**Exercise:** What are the lines below, starting at the line containing "2023年8月28日上午,银" and ending at the line containing "12月20日,澳门特区政府在"? Write them out exactly, ends included, without pictures.

**Information shown:**
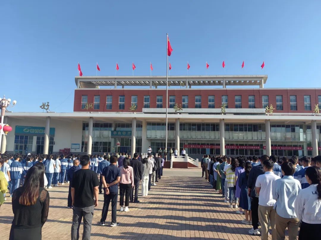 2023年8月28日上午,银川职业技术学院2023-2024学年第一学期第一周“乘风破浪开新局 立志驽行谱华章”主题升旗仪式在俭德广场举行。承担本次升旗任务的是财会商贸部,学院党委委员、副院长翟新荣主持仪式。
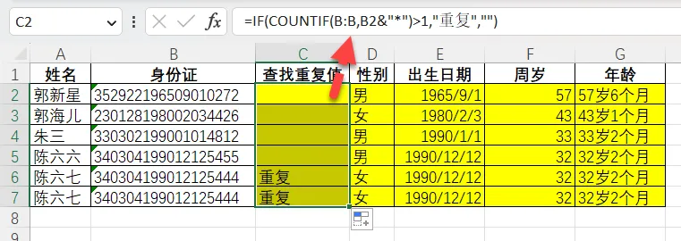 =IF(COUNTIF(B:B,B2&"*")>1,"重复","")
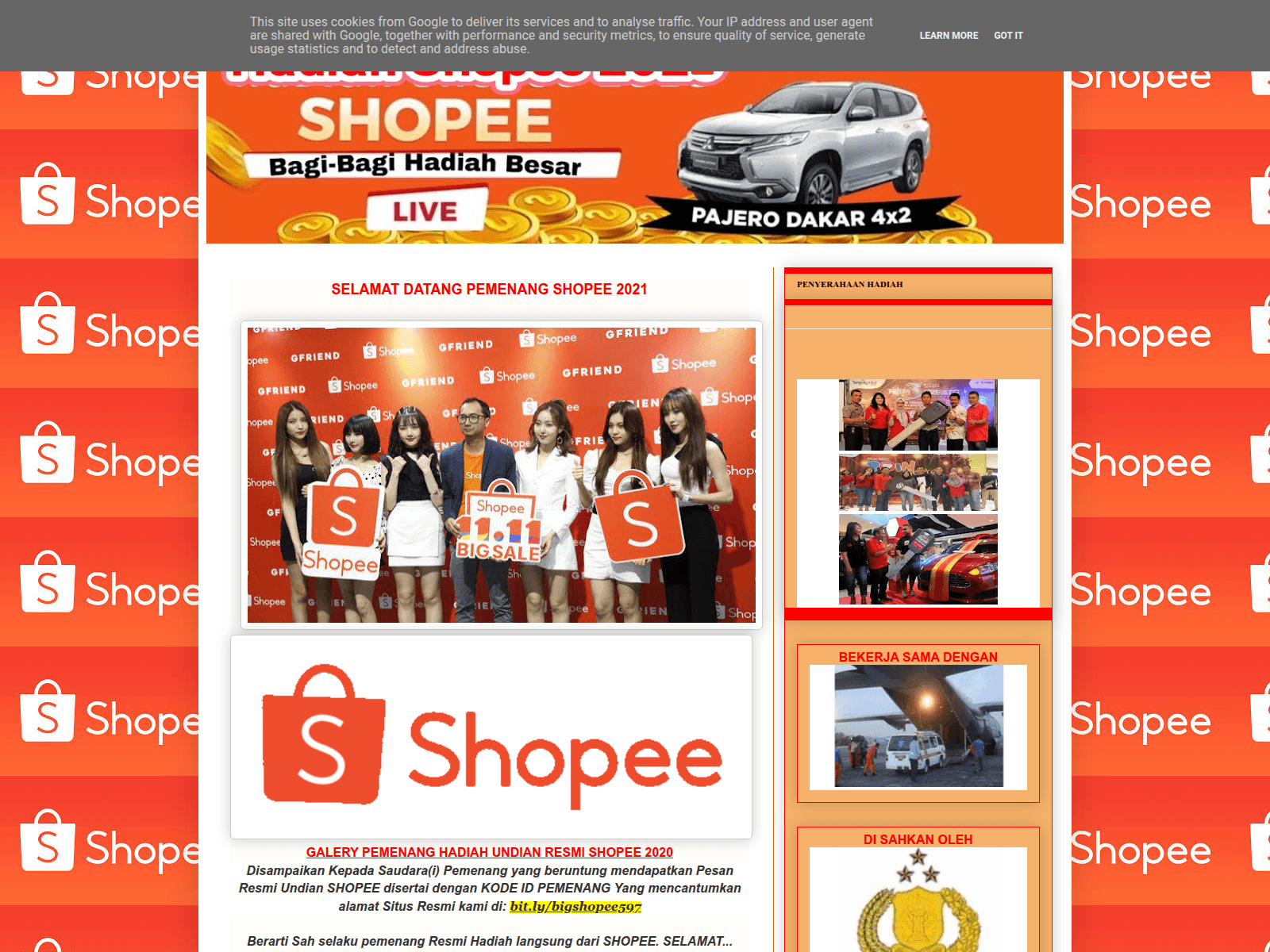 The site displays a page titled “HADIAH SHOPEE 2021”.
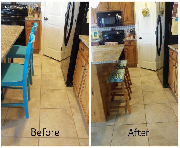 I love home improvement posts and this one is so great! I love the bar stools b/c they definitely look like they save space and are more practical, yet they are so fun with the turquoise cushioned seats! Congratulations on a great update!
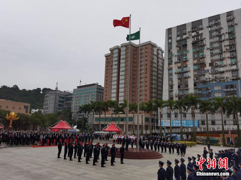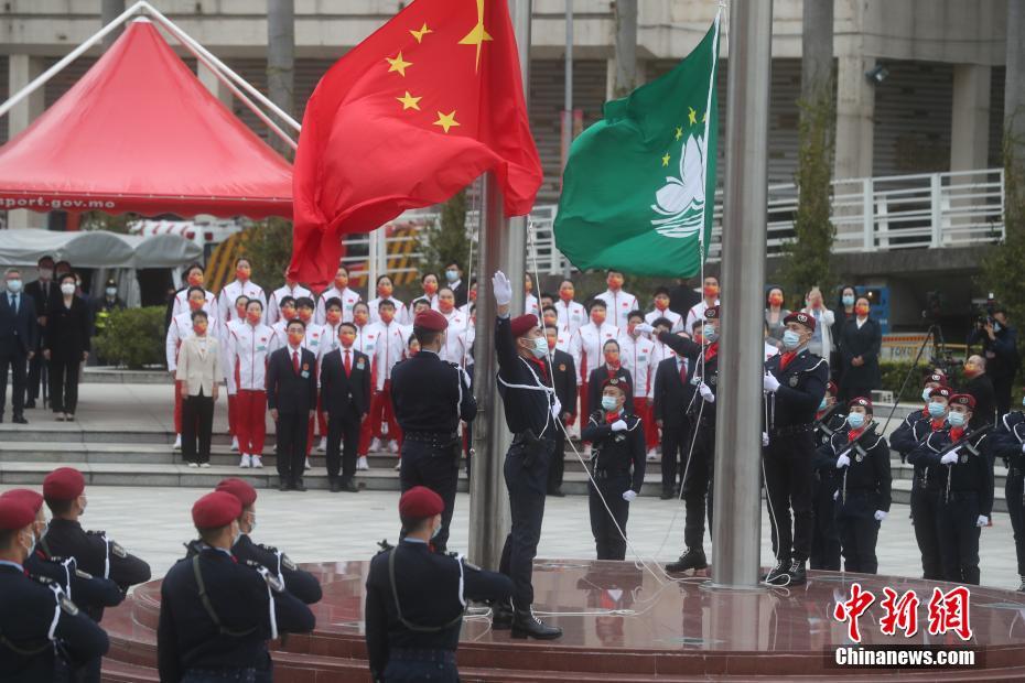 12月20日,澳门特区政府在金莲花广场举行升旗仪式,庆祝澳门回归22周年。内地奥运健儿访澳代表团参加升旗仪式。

---

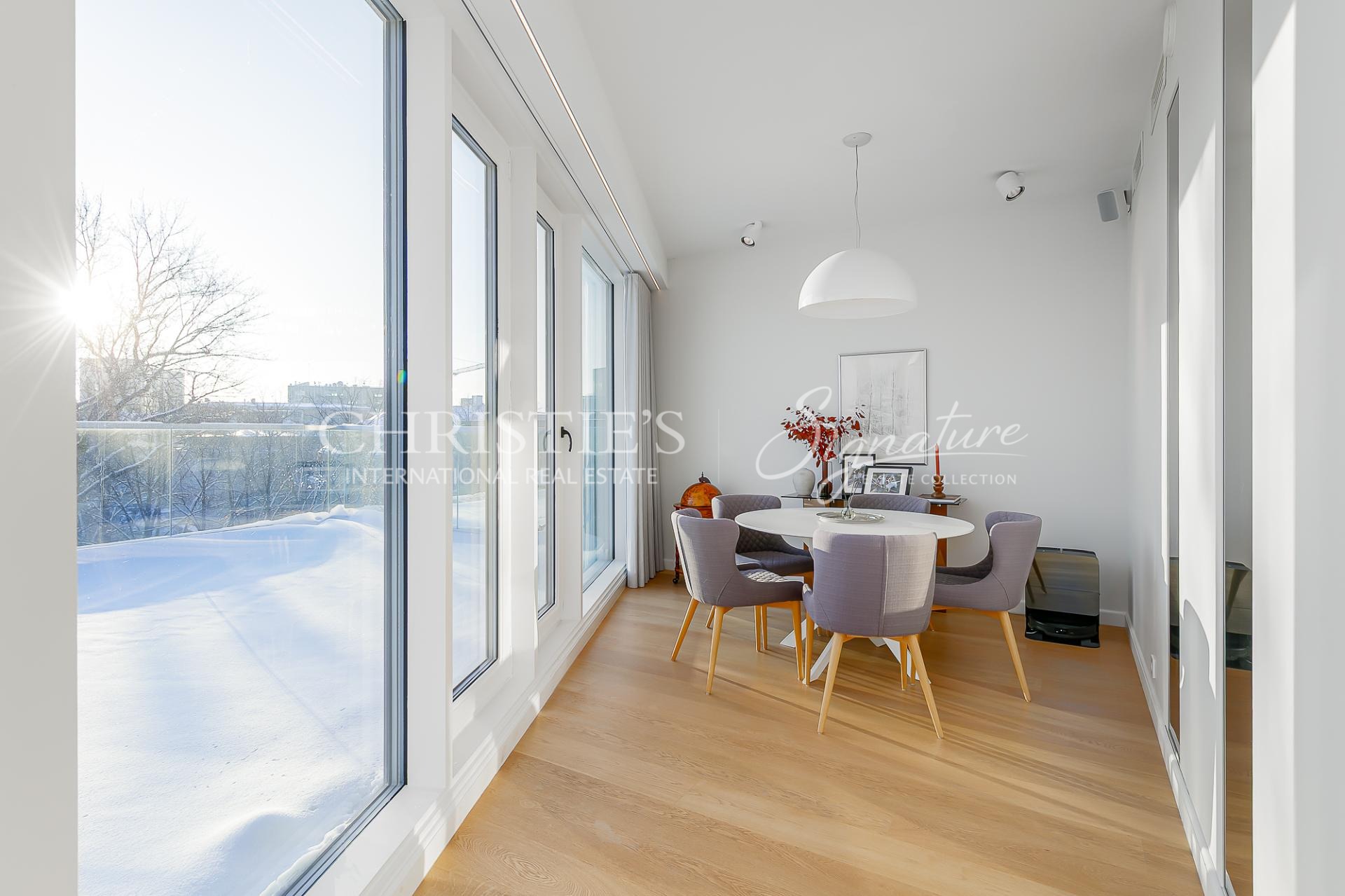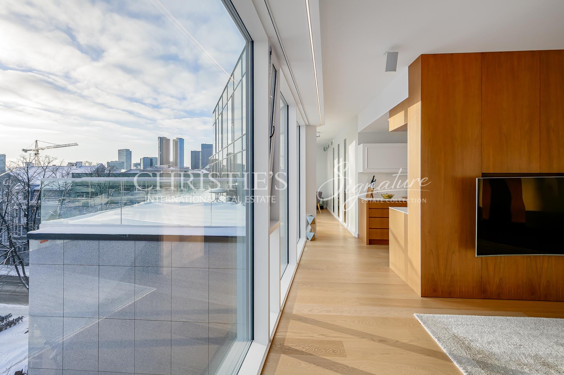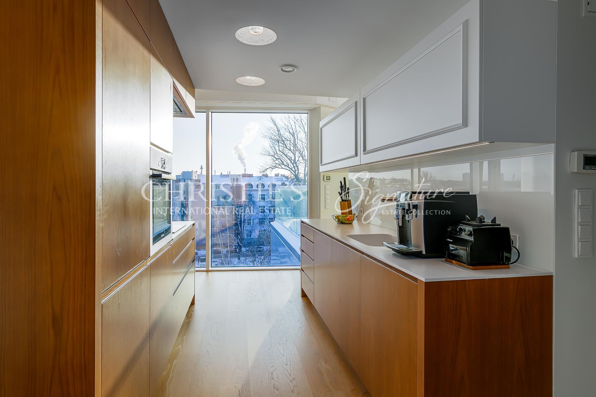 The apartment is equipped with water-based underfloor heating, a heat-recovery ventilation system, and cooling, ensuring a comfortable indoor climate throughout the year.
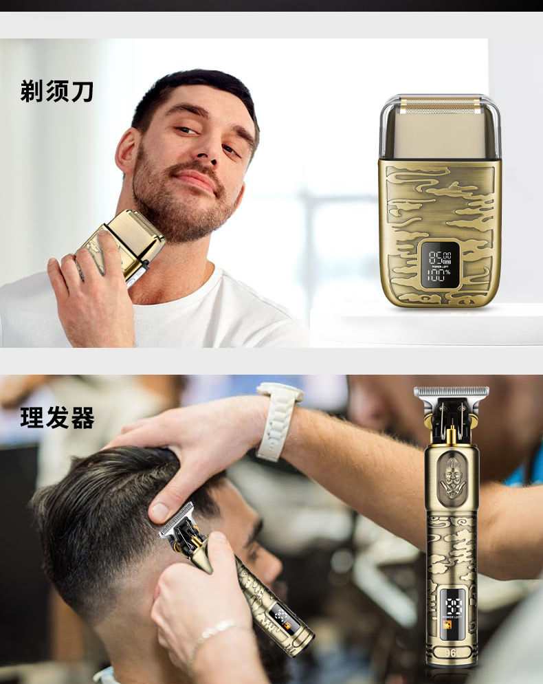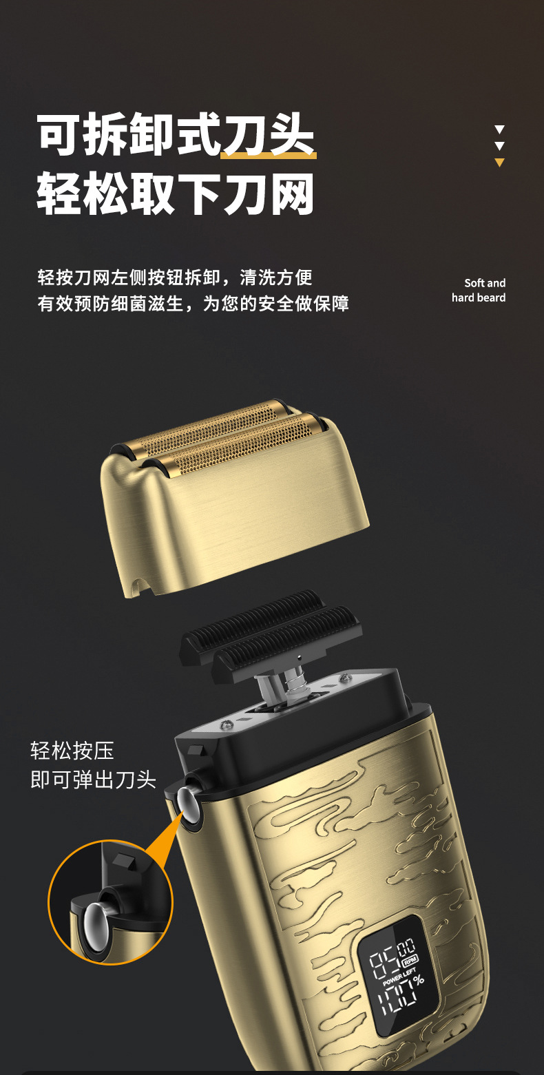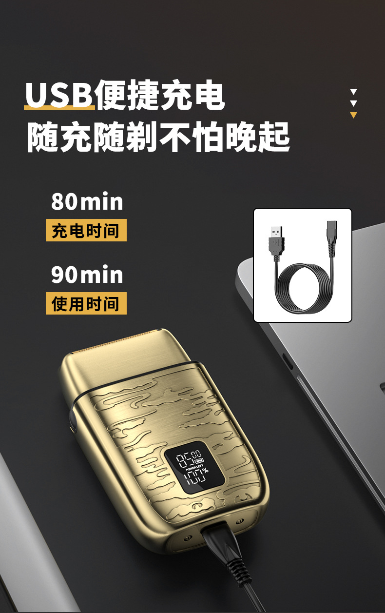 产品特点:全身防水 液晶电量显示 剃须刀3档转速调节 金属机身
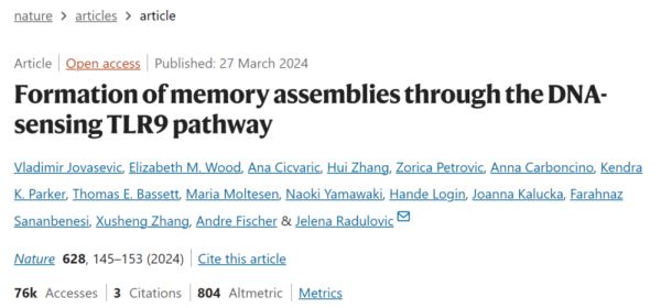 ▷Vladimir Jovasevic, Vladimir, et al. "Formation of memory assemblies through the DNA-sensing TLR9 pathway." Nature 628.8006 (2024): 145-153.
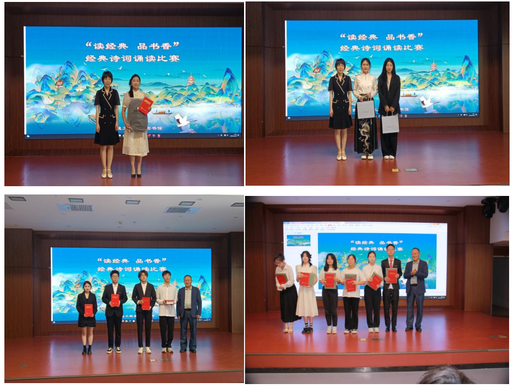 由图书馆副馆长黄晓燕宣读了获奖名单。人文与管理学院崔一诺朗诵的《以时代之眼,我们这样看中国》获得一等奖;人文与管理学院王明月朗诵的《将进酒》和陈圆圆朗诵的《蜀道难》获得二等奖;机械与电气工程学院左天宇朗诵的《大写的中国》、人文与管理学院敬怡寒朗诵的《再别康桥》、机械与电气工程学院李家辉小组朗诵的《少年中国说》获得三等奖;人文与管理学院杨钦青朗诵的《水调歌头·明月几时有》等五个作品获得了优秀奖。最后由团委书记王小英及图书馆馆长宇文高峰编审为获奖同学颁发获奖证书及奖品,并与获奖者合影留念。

==

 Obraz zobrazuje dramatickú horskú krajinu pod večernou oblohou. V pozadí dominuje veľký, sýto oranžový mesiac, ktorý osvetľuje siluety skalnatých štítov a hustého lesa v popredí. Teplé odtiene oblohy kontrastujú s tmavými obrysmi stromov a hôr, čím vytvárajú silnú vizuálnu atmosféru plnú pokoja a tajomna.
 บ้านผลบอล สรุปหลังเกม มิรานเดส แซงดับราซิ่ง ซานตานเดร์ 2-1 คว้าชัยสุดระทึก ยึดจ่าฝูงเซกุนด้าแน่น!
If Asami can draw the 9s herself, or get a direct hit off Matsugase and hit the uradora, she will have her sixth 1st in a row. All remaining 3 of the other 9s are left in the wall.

**Completed task:**
 2023年8月28日上午,银川职业技术学院2023-2024学年第一学期第一周“乘风破浪开新局 立志驽行谱华章”主题升旗仪式在俭德广场举行。承担本次升旗任务的是财会商贸部,学院党委委员、副院长翟新荣主持仪式。
 =IF(COUNTIF(B:B,B2&"*")>1,"重复","")
 The site displays a page titled “HADIAH SHOPEE 2021”.
 I love home improvement posts and this one is so great! I love the bar stools b/c they definitely look like they save space and are more practical, yet they are so fun with the turquoise cushioned seats! Congratulations on a great update!
 12月20日,澳门特区政府在金莲花广场举行升旗仪式,庆祝澳门回归22周年。内地奥运健儿访澳代表团参加升旗仪式。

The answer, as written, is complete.